Updated on 2022-11-18 GMT+08:00

Why Do I Fail to Delete the UDF Using Another Service?

Question

Why do I fail to delete the UDF using another service, for example, delete the UDF created by Hive using Spark SQL.

Answer

The UDF can be created using any of the following services:

  1. Hive client.
  2. JDBCServer API. You can connect JDBCServer to Spark Beeline or JDBC client code, and run SQL statements to create the UDF.
  3. spark-sql.

The scenarios in which the UDF failed to be deleted may be as follows:

  • If you use Spark Beeline to delete the UDF created by other services, you must restart the JDBCServer before the deletion. Otherwise, the deletion fails.
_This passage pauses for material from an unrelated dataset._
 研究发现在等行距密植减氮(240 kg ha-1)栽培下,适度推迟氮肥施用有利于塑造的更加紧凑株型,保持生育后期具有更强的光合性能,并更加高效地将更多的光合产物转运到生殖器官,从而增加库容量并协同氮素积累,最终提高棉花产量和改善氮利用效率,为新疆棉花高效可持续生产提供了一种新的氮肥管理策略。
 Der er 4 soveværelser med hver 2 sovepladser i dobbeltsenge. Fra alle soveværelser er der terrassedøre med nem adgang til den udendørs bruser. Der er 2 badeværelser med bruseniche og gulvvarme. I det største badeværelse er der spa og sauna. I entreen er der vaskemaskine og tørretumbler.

If you use spark-sql to delete the UDF created by other services, you must restart the spark-sql before the deletion. Otherwise, the deletion fails.

    Cause: After the UDF is created, if the JDBCServer or the spark-sql has not been restarted, the newly created UDF will not be saved by the FunctionRegistry object in the thread where Spark locates. As a result, the UDF failed to be deleted.
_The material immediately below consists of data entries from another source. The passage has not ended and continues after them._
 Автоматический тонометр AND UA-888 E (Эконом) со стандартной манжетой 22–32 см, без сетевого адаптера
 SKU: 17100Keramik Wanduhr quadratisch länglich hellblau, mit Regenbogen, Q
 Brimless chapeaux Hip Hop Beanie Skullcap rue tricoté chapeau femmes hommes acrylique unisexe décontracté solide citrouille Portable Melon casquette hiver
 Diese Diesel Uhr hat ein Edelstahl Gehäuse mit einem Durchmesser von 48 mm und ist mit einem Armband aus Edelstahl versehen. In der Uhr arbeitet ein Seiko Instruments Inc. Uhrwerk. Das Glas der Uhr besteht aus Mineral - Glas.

    Solution: Restart the JDBCServer and spark-sql of the Spark client and delete the UDF.

  • When creating UDF on the Hive client, the add jar command (e.g. add jar /opt/test/two_udfs.jar) is used to add the .jar package instead of specifying the path of .jar package in creating UDF statement. As a result, the ClassNotfound error occurs when you use other services to delete the UDF.

    Cause: When you use a service to delete the UDF, the service will load the class that corresponds to the UDF to obtain the UDF. However, the .jar package is added by the add jar command and jar package does not exist in the classpath of other services. As a result, the ClassNotfound error occurs and the UDF failed to be deleted.

    Solution: The UDF created using the preceding approach must be deleted using the same approach. No other approaches are allowed.